Brain Injury and Family Grief
“Grief only exists where love lives first.”— Franchesca Cox
A severe brain injury is one of the most devastating events that a family can experience. Losses are multi-layered and complex. Changes in your family member can be profound enough to be grieved like a death. Additional losses may include loss of relationship(s), financial stability, changes family roles, and many more.
Grief is a normal and natural response to loss. But society does not recognize or validate a family’s grief following a brain injury. It is common for the family’s grief experience to be overlooked or minimized. Some family members may feel alone during a very painful emotional experience. Others may feel as if they do not have the right to grieve. Pauline Boss, PhD, Ambiguous Loss: Learning to Live with Unresolved Grief, captures the feelings of loss that families often experience when their loved one is physically present but changed in profound ways. A lack of finality or resolution compounds feelings of loss. Ambiguity and uncertainty stress family dynamics. Sometimes, grief may be delayed to maintain a sense of normalcy.

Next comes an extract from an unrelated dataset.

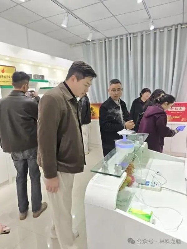 林科龍腦的系列產品,涵蓋藥用冰片、龍腦精油、香薰等多個品類。考察團對龍腦產品在康養領域的應用潛力表現出濃厚興趣,圍繞產品適配性、定制化開發等議題展開探討。
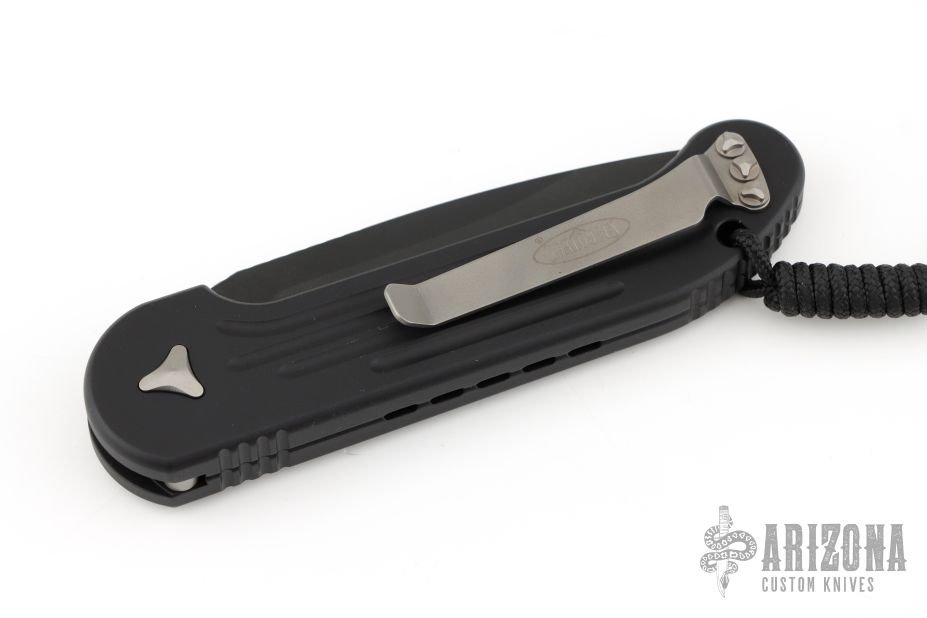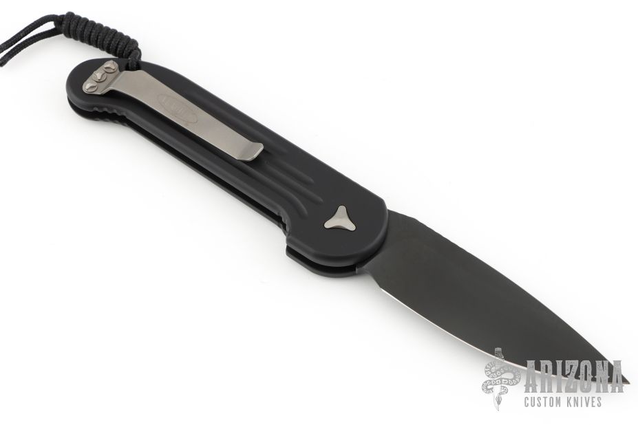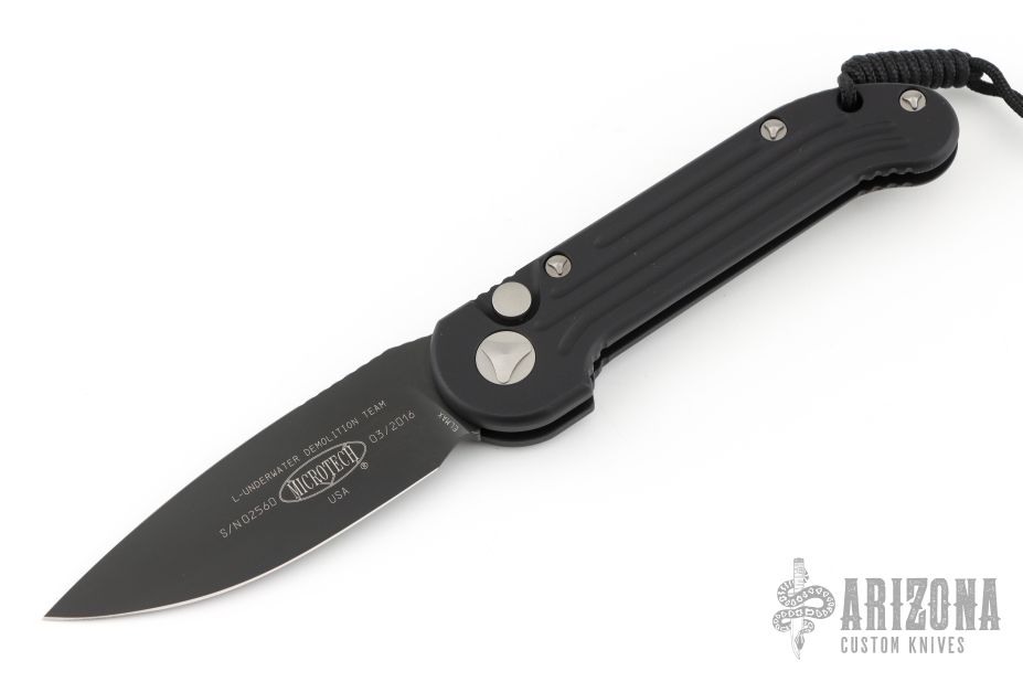 This LUDT side opening automatic by Microtech has a black blade with a standard edge and a black aluminum frame. Stainless steel clip. Dated 03/2016 s/n 02560. Comes with original box and papers. Excellent condition.

Every family is unique. Many factors will influence your experience - including culture, beliefs, and relationship dynamics. In addition, each member of the family may have a different experience. Although the family is living through the same event, your individual responses to trauma and grief may vary widely. A few things that may help include:
Honor each family member’s way of coping/grieving. Grief and trauma reactions are unpredictable, fluid and vary widely.
Be aware that this type of loss can be particularly difficult and complex. There may be no sense of finality or closure.
Maintain connections with supportive family members and friends. Unfortunately, this may mean that you occasionally need to find a way to forgive platitudes and unhelpful advice from those that lack understanding.
Establish a predictable environment (family routines, consistent schedules, etc.) as much as possible.
Engage in enjoyable activities together and individually. This can be anything that you enjoy or that feels healing for you (i.e., journaling, dancing, watching a movie, playing a game, etc.).
Join and share with others that have experienced something similar through support groups.
Seek counseling when appropriate.
Brain injury is a life-changing event. There will be growing pains, upheaval, and lots of change. You will learn much as you rise to meet the challenges of brain injury. Recovery is a long, long process. Each of you may be changed in some profound way.